Not question of leaving Guadeloup for Christian Laviso “My space nourishes my creation, and then the young people from Guadeloup must be able to find in his own country references to persevere in the development of his culture”

His tenacity has an exemplary value. Christian Laviso survived as mechanic, in Carénage hot district of Pointe à Pitre while playing Gosier regularly, in the bar in edge of beach where he continues to occur. And then he made the great jump: ” he has chooses to pass pro full-time, moved by two decisive meetings with the turning of the years 2000.David Murray and Kenny Garrett, the two saxophonists offered an echo to his play with his funny metric and his ragor picking . “Between jazz and Gwoka, there are obvious bonds. Before the slave travel we are children of the same lines. American lost the drum. Not us, “Mawons”. That’s what they look after here: rhythms and melodies of the ancestrality!

- SO JAZZ "Jacques DENIS"


Discography

1990- Horizon 1(CD)
1995- Horizon2 (CD)
2000-Lévé'y Oh (CD)

2005- Chaltouné "Mawon's light" (CD)

2008- Ti Moun a lafrik(CD)
Awards:
"Three star", Jazzman Magazine
"Emotion's cd", Jazz Magazine

2010- Trio Laviso guest David Murray in Paris (DVD)

Photos

Bio

The "Christian LAVISO Trio" has a vision, an obsession.
It is to express the very essence of Guadeloupe’s traditional Gwoka music with “modern” instruments. As core and committed defenders of Gwoka, these three extraordinary musicians are open to all collaborations in order to demonstrate the “jazz value” of Gwoka music, and to prove that it has a legitimate place among all other main musical genres.

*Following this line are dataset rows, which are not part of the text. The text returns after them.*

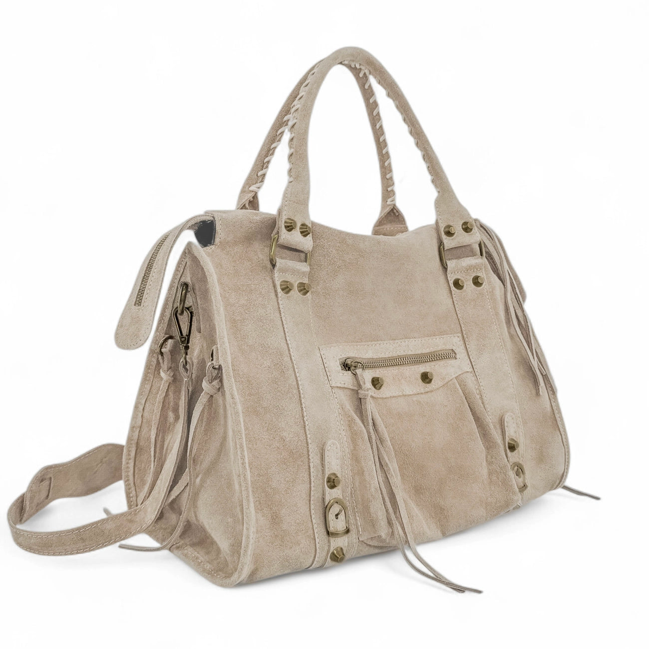 Sac à main en cuir nubuck taupe clair de grand capacité avec lacets et boucles décoratifs, porté main, épaule ou bandoulière, fabriqué en Italie.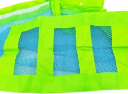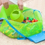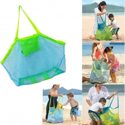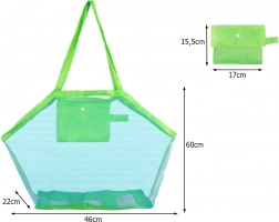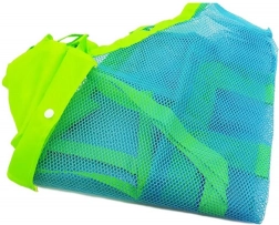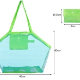 Mrežasta konstrukcija ohranja vsebino prezračeno, pospeši sušenje in pusti pesku prosto prehajati – idealno za plažo in bazen.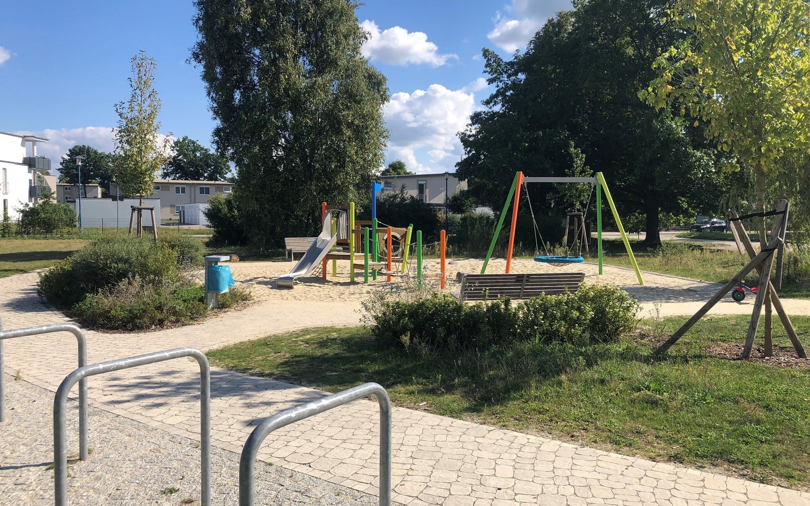 Zusätzlich ist eine Seilbahn mit hölzerner Startrampe vorhanden. Die gesamte Fläche ist durch gepflasterte Wege erschlossen, Sitzmöglichkeiten und Mülleimer sind vorhanden. Die Spielanlage ist umgeben von Bäumen und Sträuchern, die für ein schattiges Plätzchen und ein angenehmes Umfeld an heißen Tagen sorgen.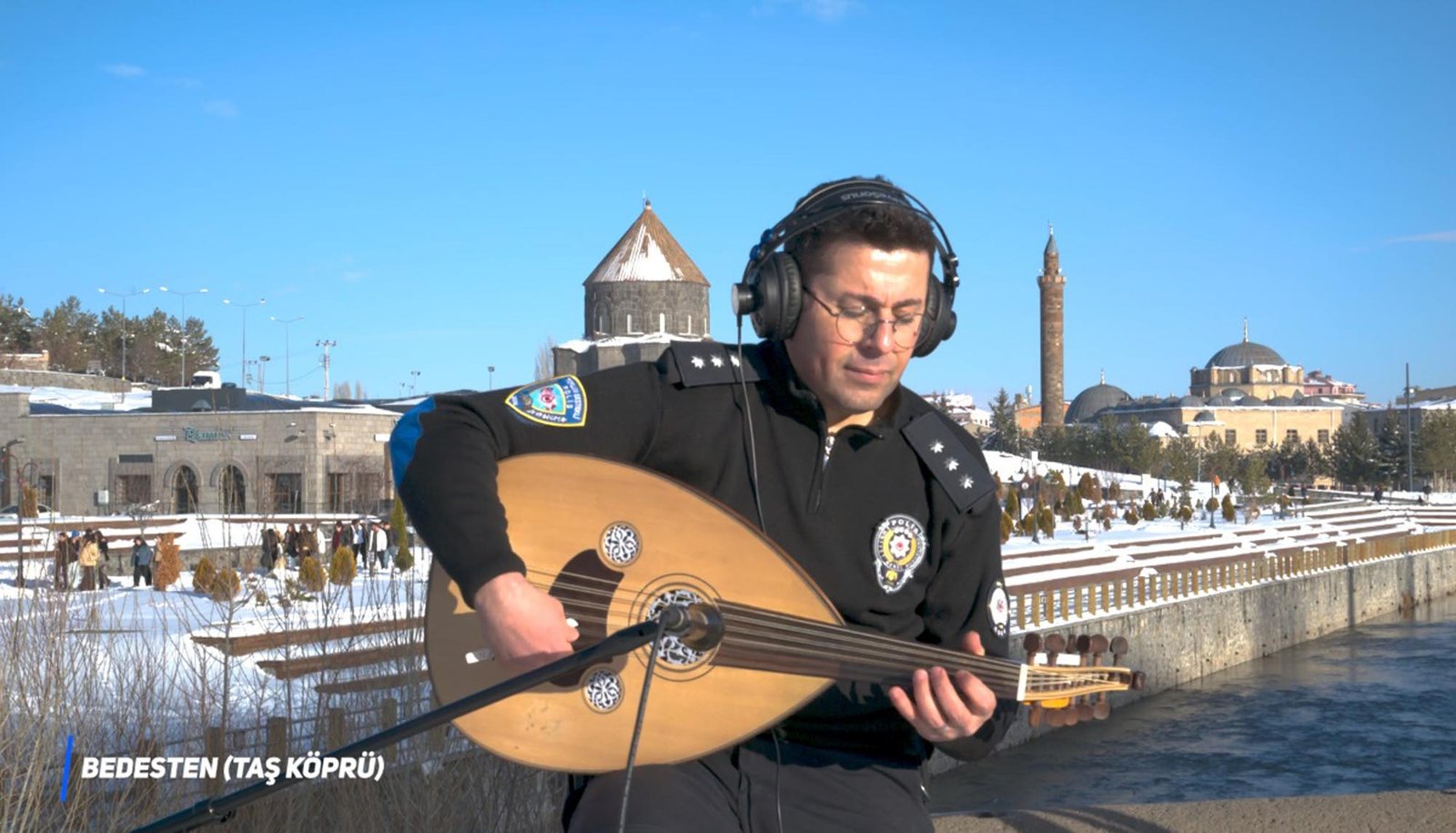 Volkan KARABAĞ/KARS, (DHA)- KARS Emniyet Müdürlüğü personeli, kentin tarihi ve kültürel mekanlarında enstrüman çalıp türkü söyledi.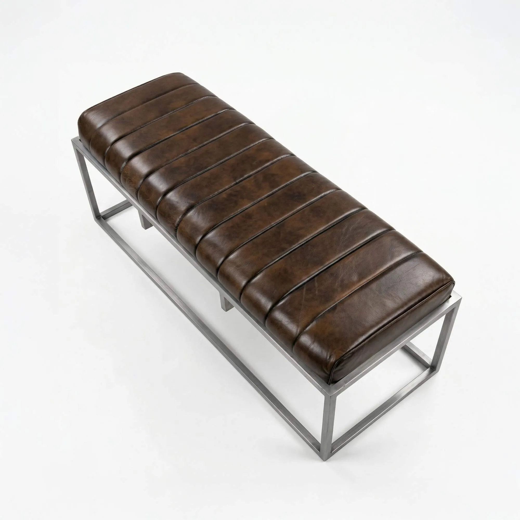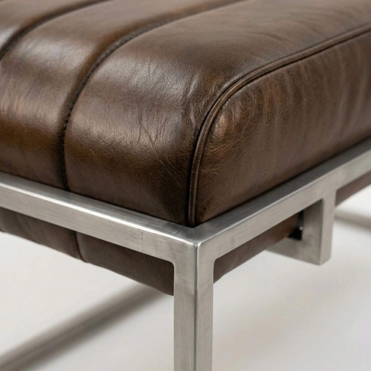 Für die Gestaltung der Vintage-Garderobenbank Norton haben wir ein Echtleder ausgewählt, dessen warmer Farbton feine natürliche Nuancen erkennen lässt. Die regelmäßigen Ziernähte betonen die Struktur der Sitzfläche und unterstreichen die handwerkliche Qualität der Verarbeitung. Haptisch bietet das Material ein geschmeidiges und authentisches Gefühl und entwickelt mit der Zeit eine schöne Patina, die den Charakter des Möbels zusätzlich stärkt. Diese Materialwahl spiegelt unseren Anspruch wider, langlebige Möbel zu schaffen, die den täglichen Gebrauch begleiten und dabei ihre ästhetische Präsenz bewahren.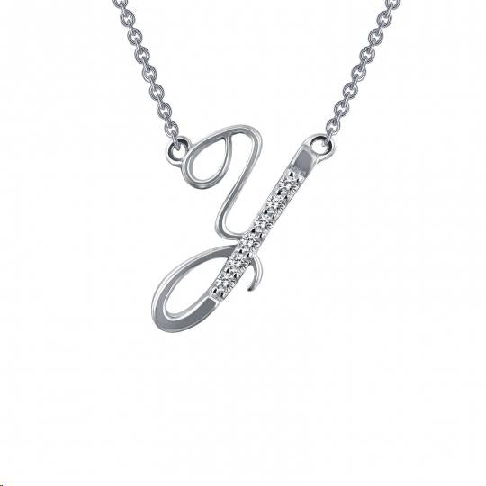 Cubic Zirconia Round Initial Y Chain Attached Necklace in Sterling Silver

Christian Laviso, the leader of the Trio, has produced seven CDs, has performed in concerts in many parts of the Caribbean and Europe, and he has become a key figure in World Music. “After listening to his music, you will never listen again to Caribbean Music and to Jazz in the same way”. Fred Delforges. Magazine Zicazic.net.

Christian Laviso discovered music very early and acquired a musical culture that was nurtured in traditional songs. Very early, he felt the need to embrace Gwoka in order to evolve in his art. Gwoka is the popular dance and music genre of Guadeloup, which has been an instrument of protest, of critique and of reform of Guadeloupean society, within the historical context of slavery. His very unique style further developed through contacts with traditional Gwoka musicians and through his collaborations with jazz musicians such as Kenny Garrett, David Murray or Luther François. Christian Laviso has also worked with David Murray’s Gwoka Masters project.

Through his concept of guitare-ka, Christian Laviso takes inspiration in his cultural heritage the Modern Gwoka of Gérard Lockel and explores new directions, at the convergence of jazz and Gwoka, with polyrhythmic expressions at the heart of this vibration. « Christian Laviso is without any doubt one of the most original guitarists on the French music scene… » Jacques Denis, Jazzman Magazine, September 2008.

To listen to Christian Laviso, whom David Murray qualifies as the « Master of Guadeloupean Music », is to listen to the most profound pulse of the African Diaspora, to the rhythms that feed this world, today. We can be certain that Christian’s work will allow Gwoka music to cross the oceans, and to realise, even in a small way, his dream: “I truly think that the last century has been the century of Jazz, this one will be the century of Gwoka!”